今回ご紹介するのは、2008年に行った再治療のケースです。現在2025年ですので、今から17年前の症例ということになります。
このケースは、私が顕微鏡を学ぶ前のもので、「以前に入れた被せ物が古くなったので、やり直したい」という患者さんのご希望から治療が始まりました。
当時の私は専門医でもなく、九州で学んだ古典的な根管治療こそが最良だと信じていました。今になって振り返ると、本当に“井の中の蛙”だったと感じます。もちろん、ニッケルチタンファイルも顕微鏡(マイクロスコープ)も使用しておらず、完全に経験と感覚に頼った治療でした。

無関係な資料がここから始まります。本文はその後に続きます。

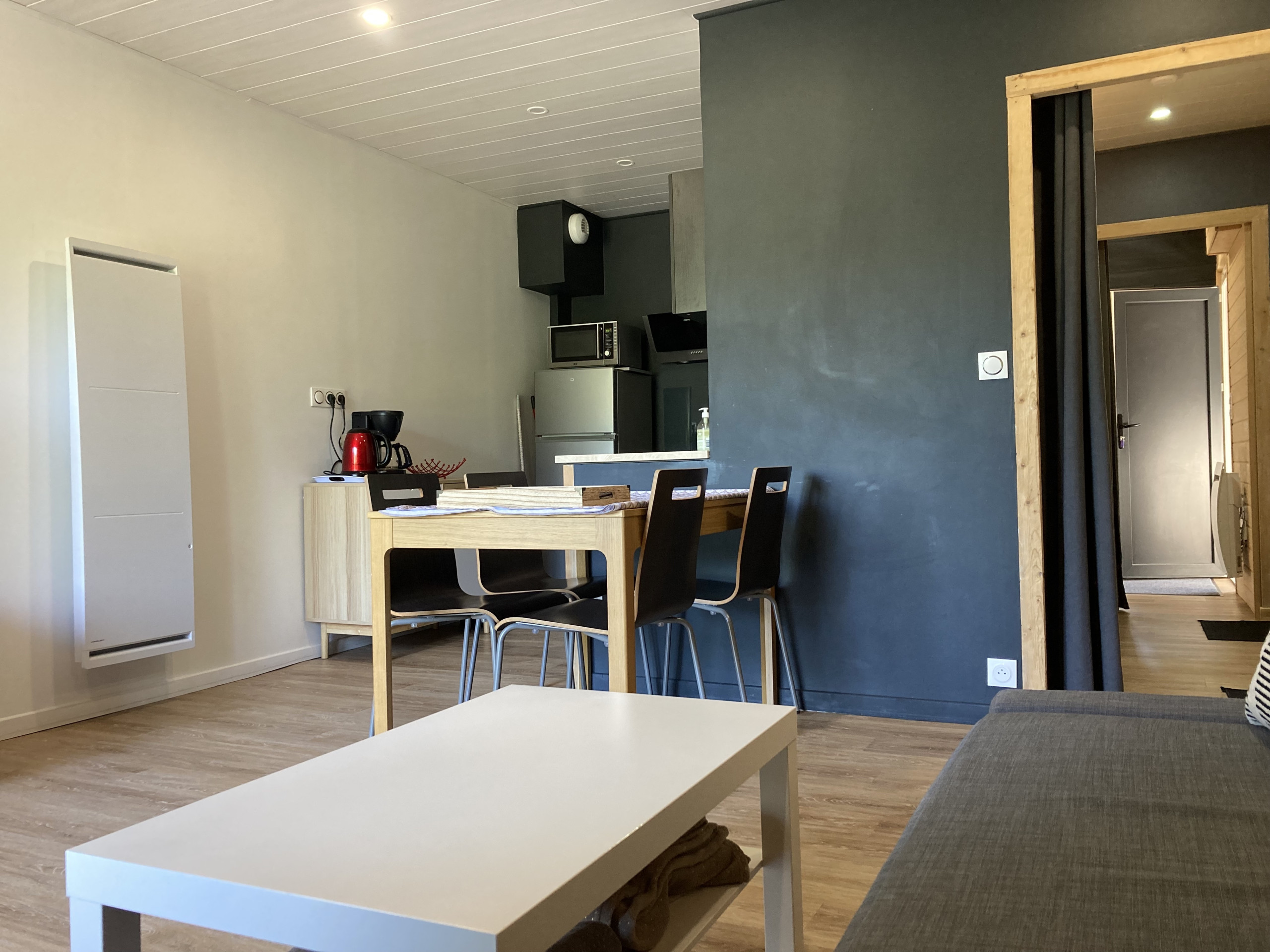 Ce logement chaleureux est composé d'un séjour avec sa cuisine ouverte et toute équipée (four, micro-ondes, appareil à raclette, réfrigérateur/congélateur, lave vaisselle, cafetière senseo et filtre, bouilloire, grille pain...). Un balcon avec mobilier extérieur vous permettra de profiter jours de beaux temps.
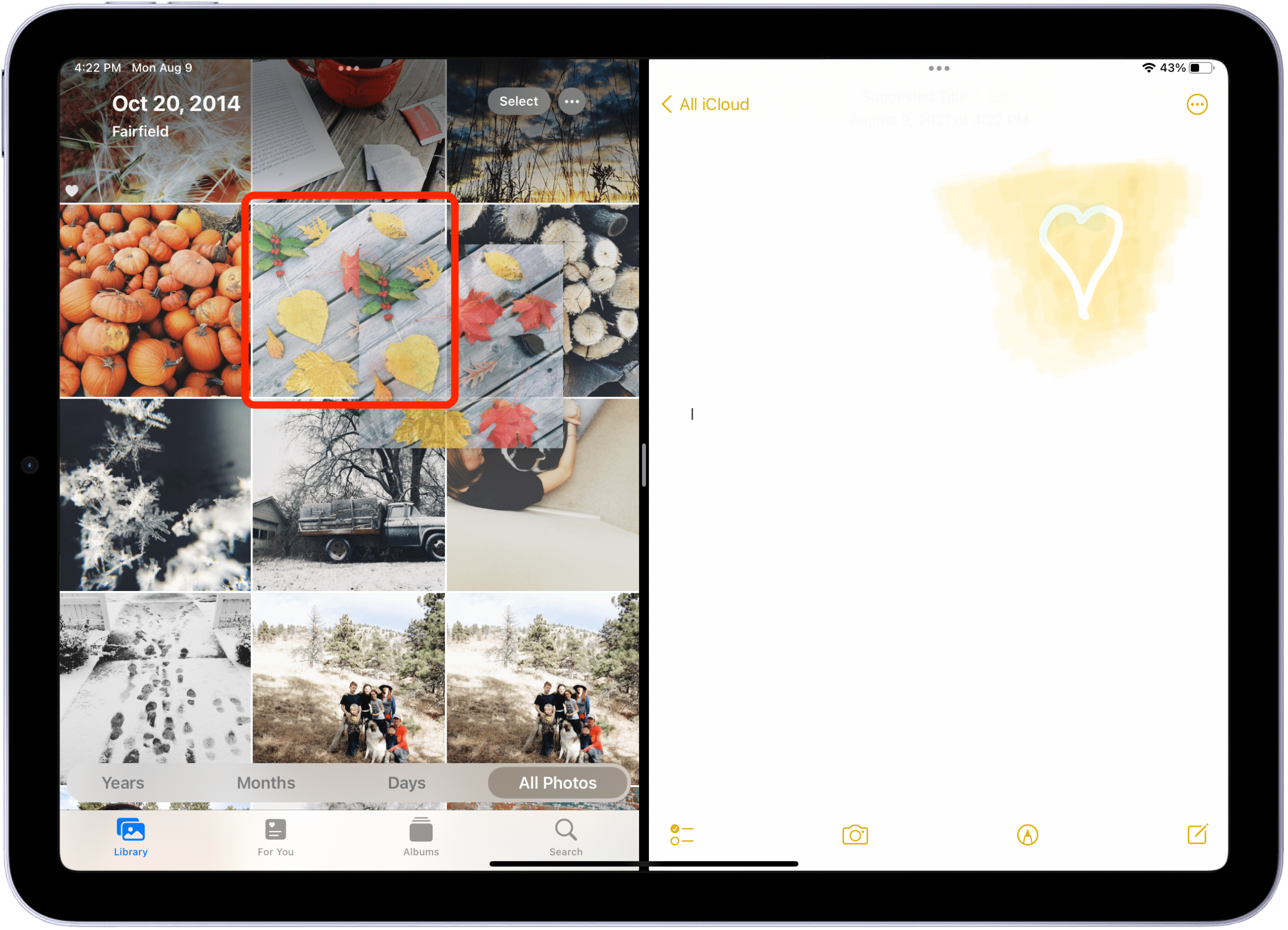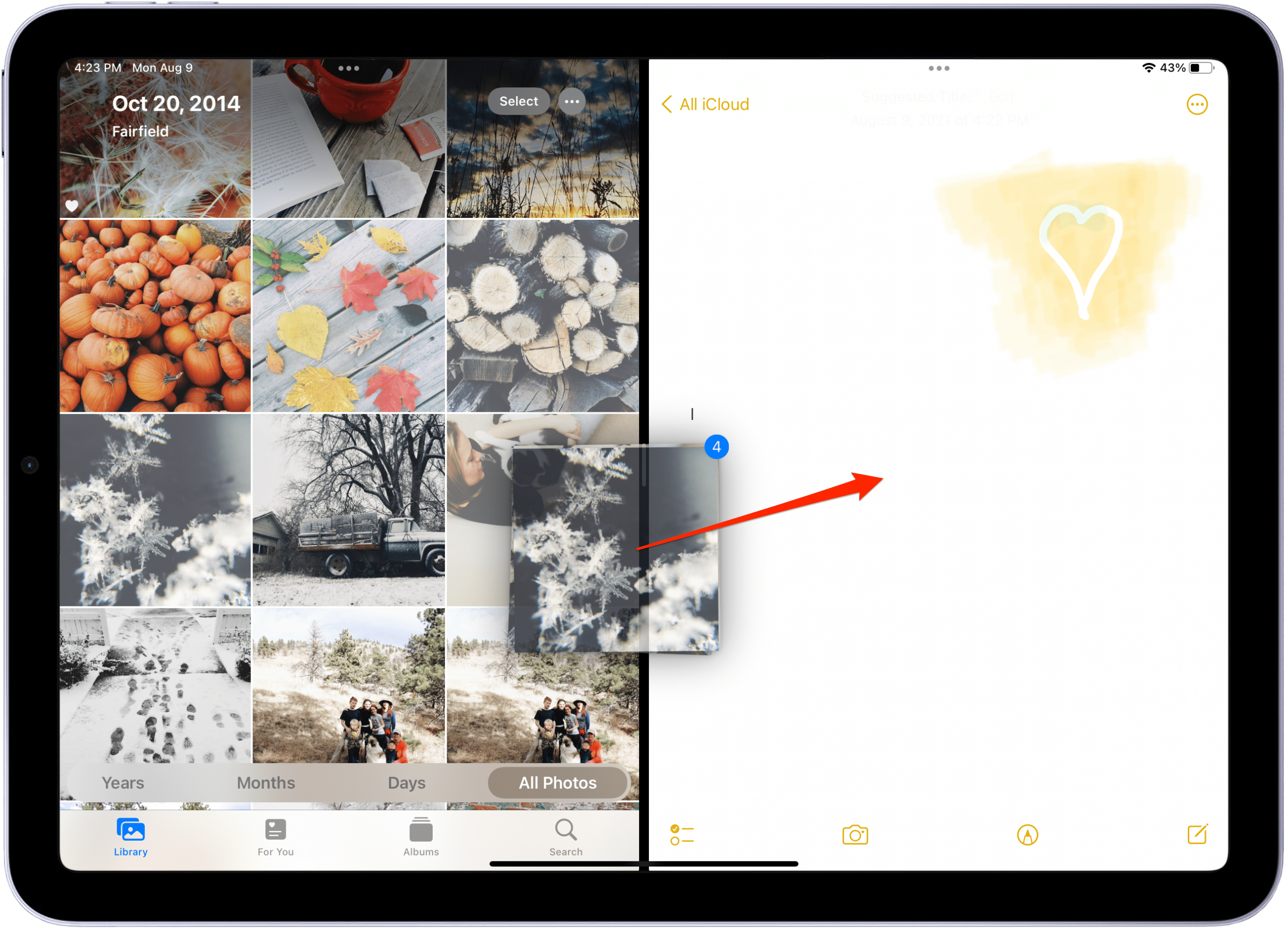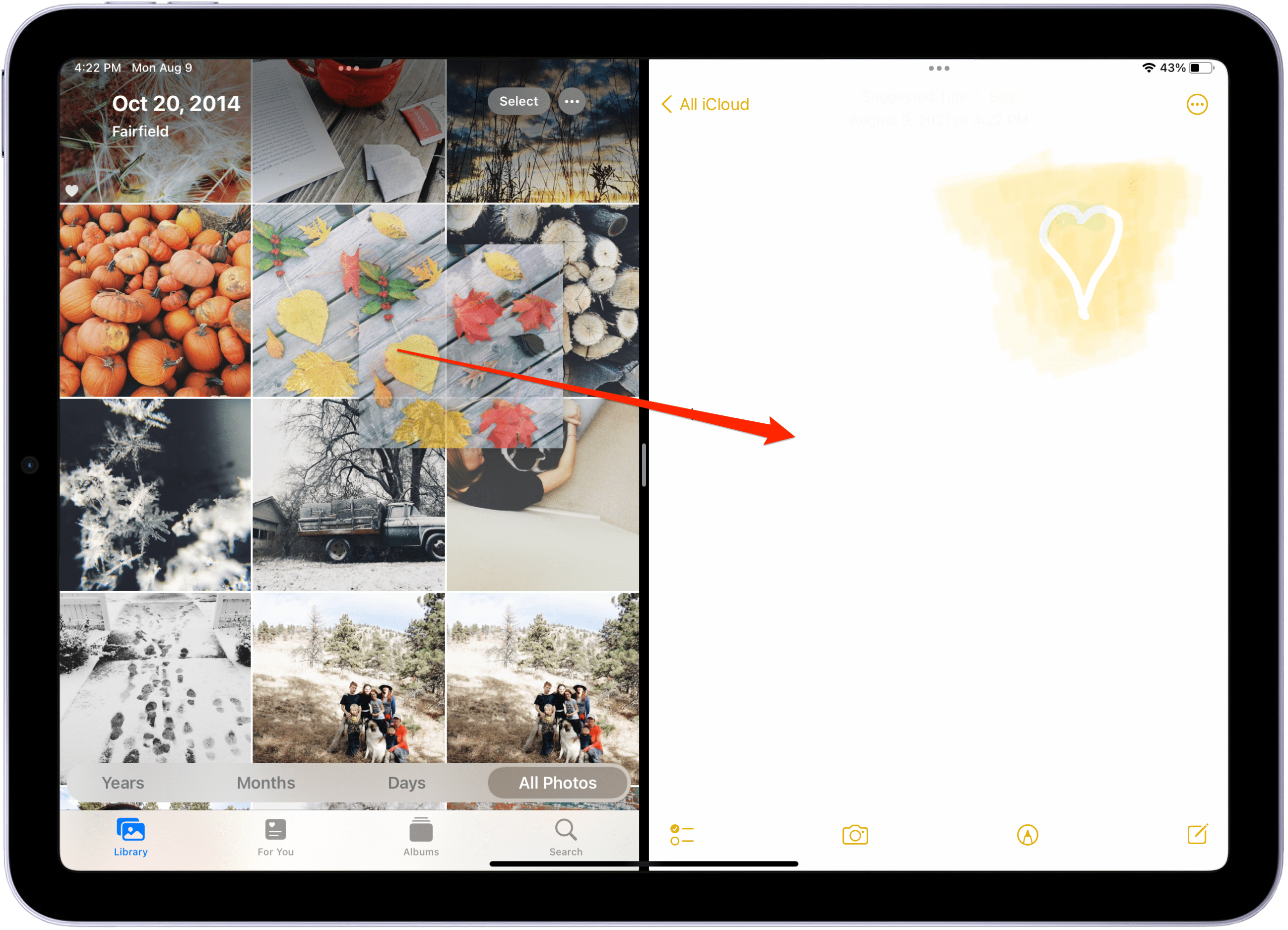 - 如果您使用分屏視圖或分屏,則可以將內容從一個應用程序拖動到另一個打開的應用程序。

また、小さなデンタルX線写真(デンタルX-ray)はすべてアナログで記録していたため、現在のようにコンピュータへ取り込むことができません。そのため、画像としてお見せできるのはパノラマレントゲンのみとなります。比較しづらい点はどうかご容赦ください。
パノラマレントゲン(
抜粋)を見ると、前歯4本がすでに処置されており、白く写る部分には金属のコア(土台)が入っていました。歯根方向に薬剤が充填されているものもあれば、そうでないものもあり、黒く写る部分は膿がたまっている箇所と考えられます。
17年後の現在

最近撮影したレントゲンでは、根尖(歯の根の先)に病変は見られません。コア部分のフィットにやや甘さが見られるところもありますが、根管充填された4本の歯すべてに膿は確認されません。
むしろ、根尖が再生し、わずかに延びているようにも見えるほどです。自分自身で「これは当時、気合の入った治療をしていたな」と感じるくらいです。
被せ物は当時のセラミック技術を使ったもので、適合もよく、隙間なくセットできていたため、再感染を防ぐ要因にもなっていると思われます。
顕微鏡もマイクロスコープも、そしてMTAセメントもなかった時代の再治療は、本当に難しいものでした。それでも、術者の気持ちと、患者さんの粘り強い協力によって、このような結果につながったのだと感じています。